Data:

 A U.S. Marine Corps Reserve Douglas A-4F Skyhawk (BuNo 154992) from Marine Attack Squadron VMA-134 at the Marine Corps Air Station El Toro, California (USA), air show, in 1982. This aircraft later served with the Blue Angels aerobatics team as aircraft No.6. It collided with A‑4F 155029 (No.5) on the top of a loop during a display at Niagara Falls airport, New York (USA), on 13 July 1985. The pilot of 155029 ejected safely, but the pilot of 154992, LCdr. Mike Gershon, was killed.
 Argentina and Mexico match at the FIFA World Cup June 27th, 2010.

---

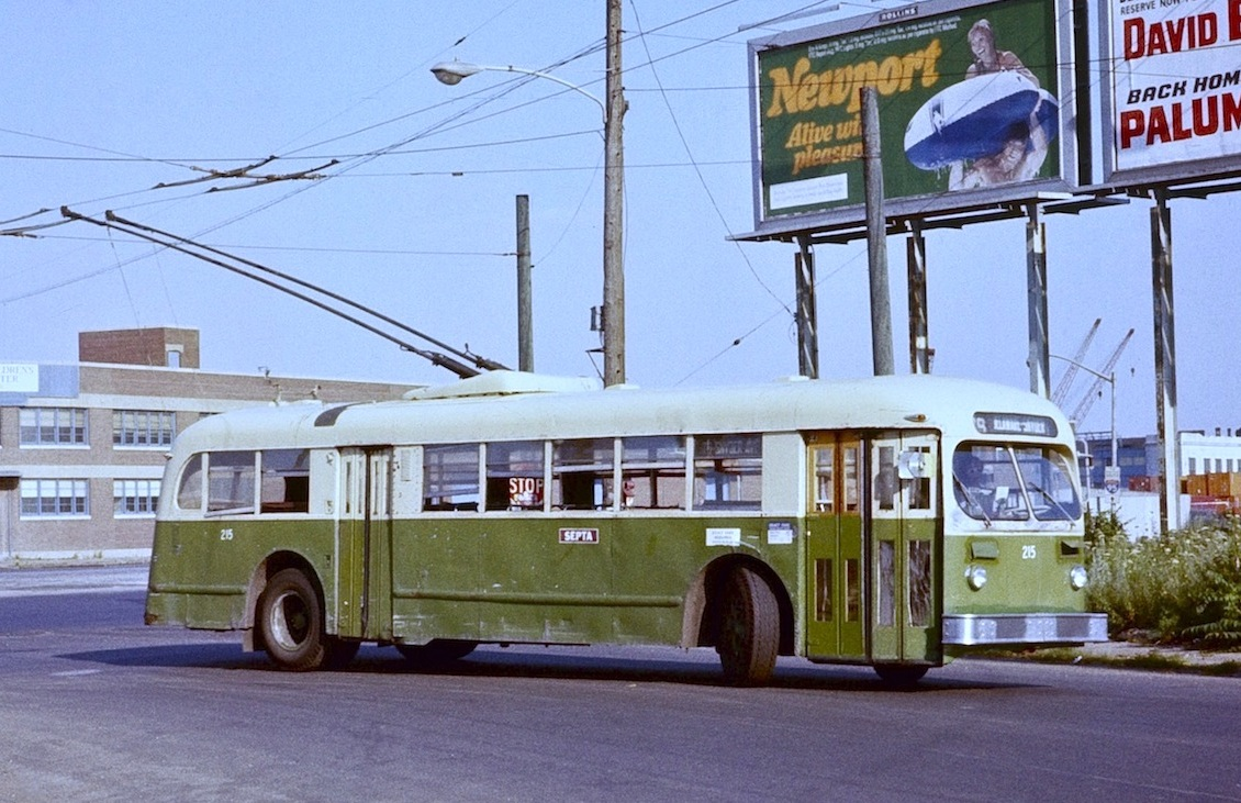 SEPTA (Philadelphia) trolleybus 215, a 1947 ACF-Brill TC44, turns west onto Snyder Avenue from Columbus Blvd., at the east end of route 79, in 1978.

Activity: From the records above, quote only the lines running from the line with "A U.S. Marine" to the line with "Argentina and Mexico", both lines included.

Exercise solution:
 A U.S. Marine Corps Reserve Douglas A-4F Skyhawk (BuNo 154992) from Marine Attack Squadron VMA-134 at the Marine Corps Air Station El Toro, California (USA), air show, in 1982. This aircraft later served with the Blue Angels aerobatics team as aircraft No.6. It collided with A‑4F 155029 (No.5) on the top of a loop during a display at Niagara Falls airport, New York (USA), on 13 July 1985. The pilot of 155029 ejected safely, but the pilot of 154992, LCdr. Mike Gershon, was killed.
 Argentina and Mexico match at the FIFA World Cup June 27th, 2010.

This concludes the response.